I opted to paint similar flowers at a more accurate scale by the resting sheep. That area originally had italicized text in a similar color scheme that read “Good Luck!”
In each of the calendars I’ve chosen one element to outline, and here I opted to keep the fence relatively flat and cartoon-like. I added more subtle detail in the grass by using brown to indicate the (now treadworn) path through the broken fence.
For the new year I’ve finished a small set of art I started originally back in 2009. Each of these started off as a giveaway calendar from a Chinese restaurant. I’ve been collecting these and “repainting” them by painting over everything except the main image. I attempted to match both the colors and the painting style of the printed art as best I could to preserve the original look as much as possible.
Based on the animal (or fish) on each one, I chose a related Chinese folktale or mythology to illustrate. I also chose one element to outline to make it stand out. I watched a lot of cartoons growing up and always found the juxtaposition of a painted background with a flat, outlined animation cel set a particular tone about what merited attention.
Here they are in the window display at Kaleid Gallery, from left to right:
The Dragon God
Dragons are symbols of power, strength, and good luck, and have particular control over water.
The Monkey’s Loss
The monkeys abandoned peaches for corn, and then watermelons, and then lost it all in pursuit of a rabbit.
The Farmer’s Fence
The farmer, mourning the loss of a sheep after the fence broke, fails to mend it and later loses more.
The Rabbit In the Moon
The rabbit is a companion of the moon goddess Chang’e, and uses a mortar and pestle to pound the elixir of life.

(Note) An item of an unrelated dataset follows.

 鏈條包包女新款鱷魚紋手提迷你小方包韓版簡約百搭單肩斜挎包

Ye Xian (the “Chinese Cinderella”)
Ye Xian, a peasant girl, befriends a magical carp who helps her win the hand of the prince.
The Rooster’s Crown
After a skilled archer shot the eight suns, the ninth hid away until the rooster could coax it out.

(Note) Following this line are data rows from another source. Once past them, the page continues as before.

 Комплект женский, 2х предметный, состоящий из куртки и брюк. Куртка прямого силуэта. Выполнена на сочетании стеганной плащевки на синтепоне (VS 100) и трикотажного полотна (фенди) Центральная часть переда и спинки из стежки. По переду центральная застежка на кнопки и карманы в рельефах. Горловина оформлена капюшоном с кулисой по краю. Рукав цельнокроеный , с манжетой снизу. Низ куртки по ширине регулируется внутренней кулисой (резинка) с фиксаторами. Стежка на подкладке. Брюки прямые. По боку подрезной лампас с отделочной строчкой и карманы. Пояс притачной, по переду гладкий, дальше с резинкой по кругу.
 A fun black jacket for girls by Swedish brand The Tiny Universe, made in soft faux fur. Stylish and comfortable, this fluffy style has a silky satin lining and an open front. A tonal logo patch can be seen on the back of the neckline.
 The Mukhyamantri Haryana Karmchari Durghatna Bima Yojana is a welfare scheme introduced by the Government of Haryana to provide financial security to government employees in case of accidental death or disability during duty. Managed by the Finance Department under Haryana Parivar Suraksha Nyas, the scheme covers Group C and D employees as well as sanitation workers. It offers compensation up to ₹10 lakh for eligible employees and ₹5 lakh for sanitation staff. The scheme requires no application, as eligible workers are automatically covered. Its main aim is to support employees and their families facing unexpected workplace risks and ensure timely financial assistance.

These frames reminded me of the soot around a fireplace so I created these three illustrations of shadow puppets. I mostly picked these animals because I thought the hand shapes were interesting. Now that I see them together, I realized they’re all animals in the American wilderness. I imagine them as part of a tale told at a remote cabin in the woods.

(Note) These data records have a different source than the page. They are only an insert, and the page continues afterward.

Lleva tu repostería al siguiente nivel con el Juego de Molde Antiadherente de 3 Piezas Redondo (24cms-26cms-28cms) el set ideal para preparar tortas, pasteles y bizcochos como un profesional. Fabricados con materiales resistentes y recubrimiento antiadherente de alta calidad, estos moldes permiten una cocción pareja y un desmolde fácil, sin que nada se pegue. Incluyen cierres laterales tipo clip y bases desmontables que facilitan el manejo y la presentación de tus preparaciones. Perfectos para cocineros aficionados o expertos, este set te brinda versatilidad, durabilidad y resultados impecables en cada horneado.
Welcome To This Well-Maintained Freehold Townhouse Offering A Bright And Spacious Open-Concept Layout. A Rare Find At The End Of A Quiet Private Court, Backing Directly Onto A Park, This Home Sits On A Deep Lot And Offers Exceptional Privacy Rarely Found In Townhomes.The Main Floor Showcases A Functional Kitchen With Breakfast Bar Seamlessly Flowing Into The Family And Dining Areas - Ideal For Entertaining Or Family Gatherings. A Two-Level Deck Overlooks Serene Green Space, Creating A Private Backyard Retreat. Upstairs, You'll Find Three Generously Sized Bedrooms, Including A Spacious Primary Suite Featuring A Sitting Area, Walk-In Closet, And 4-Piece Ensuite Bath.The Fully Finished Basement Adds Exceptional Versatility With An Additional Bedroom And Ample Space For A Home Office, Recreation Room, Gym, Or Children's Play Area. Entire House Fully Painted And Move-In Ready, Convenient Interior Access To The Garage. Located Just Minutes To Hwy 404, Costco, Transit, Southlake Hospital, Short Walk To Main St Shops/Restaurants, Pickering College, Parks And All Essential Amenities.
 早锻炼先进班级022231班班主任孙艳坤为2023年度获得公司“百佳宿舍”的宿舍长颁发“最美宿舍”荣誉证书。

I created a few new illustrations for the upcoming Psycho Donuts Evol | Love show & sale. It’s a love (or not) theme, and since I felt like drawing animals, I thought I’d focus on animals that can be a bit misunderstood but are lovely pets.
I’ve had a few rats as pets and they can be quite sweet. When I was drawing this I also thought of the Church Mice series from Graham Oakley, a children’s book series I always loved for its detailed crowd scenes of dozens of happy, confused, curious, afraid, and feuding mice in the middle of some conundrum (together with the sole cat willing to be around them).
I’ve never had a chameleon as a pet, but if I were to get a reptile again that would be my next choice. The color-changing is interesting, but the independently-moving eyes and the five-toes-fused-into-two are endlessly fascinating. They also don’t move very fast and seem to have a gentle disposition – something I can’t say for other attempts at reptile pets. Since they’re cold-blooded I gave this guy a little blue heart.